Two weeks ago Friday, around six o'clock in the evening, my father died. I wasn't with him when it happened, but I had seen him earlier that afternoon. By that point, he already seemed far away, hovering in some liminal space, his skin taut and bright -- almost shining -- as he took heavy, labored breaths. His cheeks were smooth; one of the nurses had shaved him. He squeezed my hand, but I wasn't sure if it was recognition or instinct, the way a newborn will wrap a fist around your finger.
The nurses regularly appeared to take his vitals, administer morphine, moisten his lips, and shift his body to prevent skin sores. They assured us that he could hear everything we said to him, but (speaking to us in the hallway) they were divided on how long he might remain in this limbo. One said a week was possible, another said two or three days, and a third, who knew him best -- and who ended up being right -- predicted that he wasn't going to last long enough for one of my fellow out-of-town brothers to see him, that if he had any final words to say to our father, he should do it over the phone, from the train.
A few weeks earlier, my father had contracted Covid, which was followed by pneumonia.

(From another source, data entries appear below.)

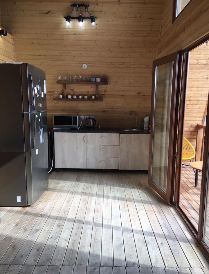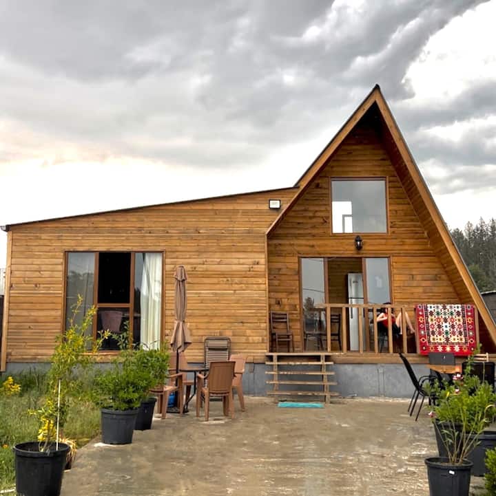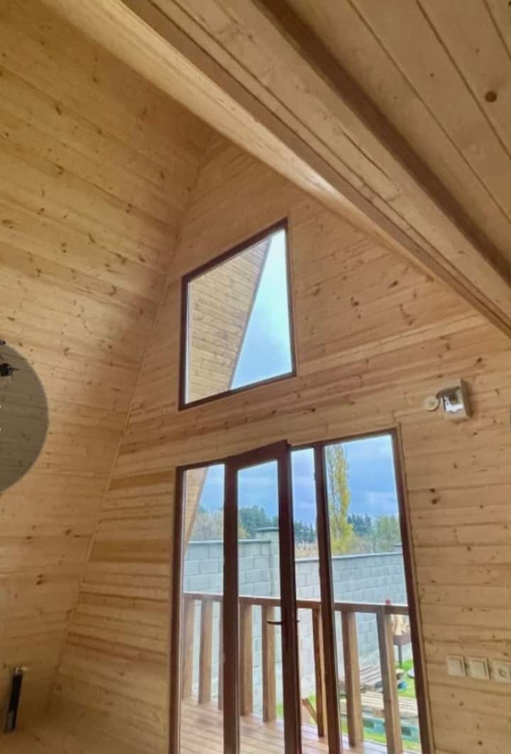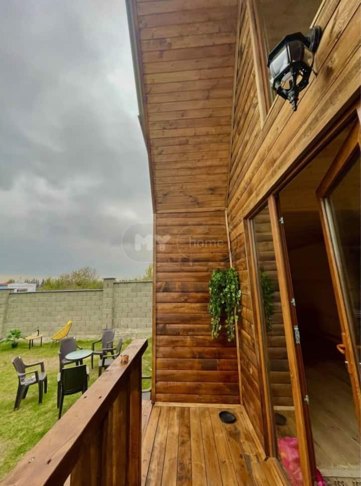 კეთილმოწყობილი ხის კოტეჯი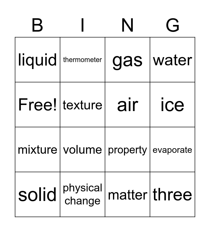 This bingo card has 16 words: physical change, evaporate, gas, liquid, mixture, thermometer, property, matter, Free!, texture, solid, water, volume, ice, air and three.
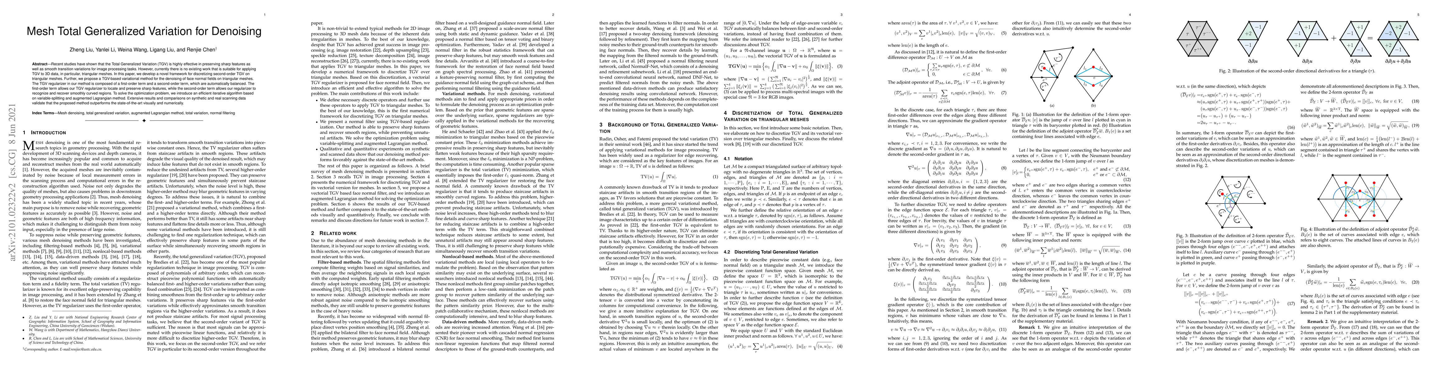 Researchers developed a new method for denoising 3D mesh data using Total Generalized Variation (TGV), which preserves sharp features and smoothly curved regions. The proposed method outperforms state-of-the-art methods in both visual and numerical accuracy.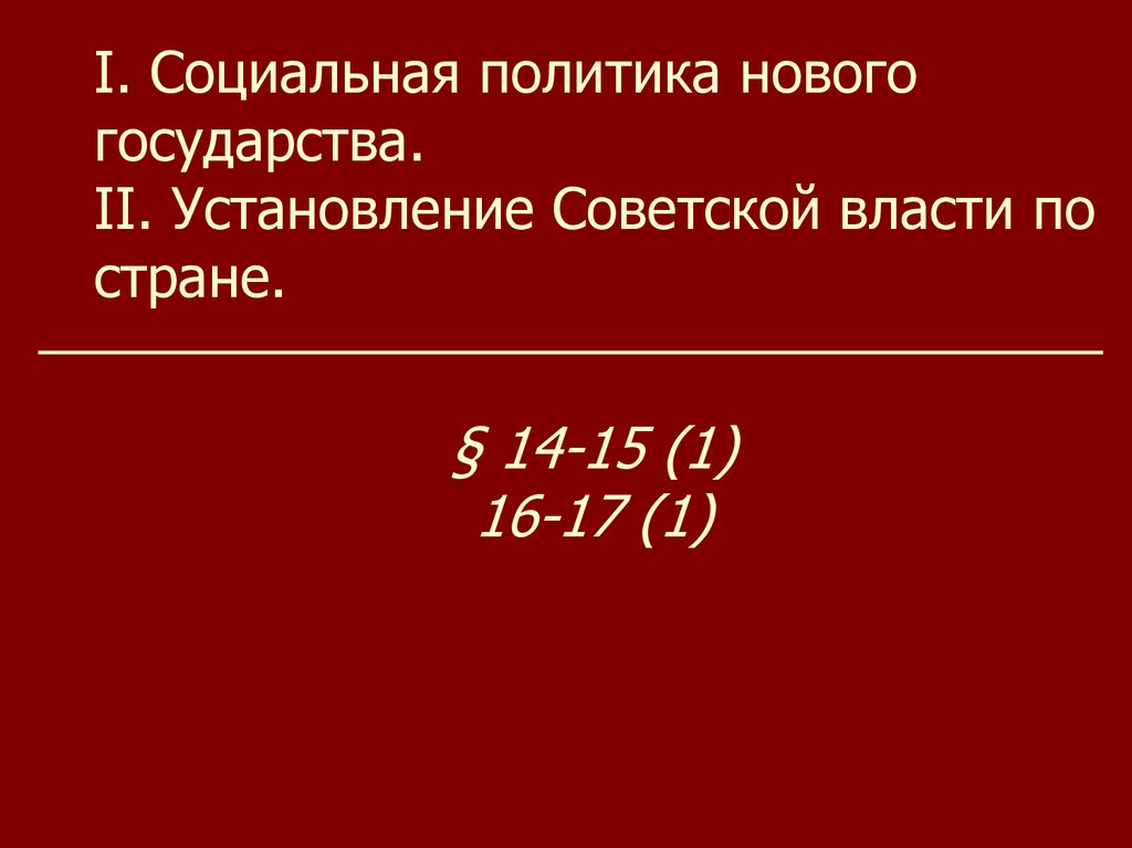I. Социальная политика новогогосударства.

Initially, we didn't think it would be too serious -- he had weathered worse -- but by Monday, he had stopped eating and his oxygen levels and blood pressure were perilously low. The medical consensus was that he wasn't going to make it. We contracted with a hospice organization, whose doctor recommended stopping his meds and replacing them with morphine and Ativan. It was just a matter of time. It was sad news, but we were all ready to hear it, my father, I believe, most of all.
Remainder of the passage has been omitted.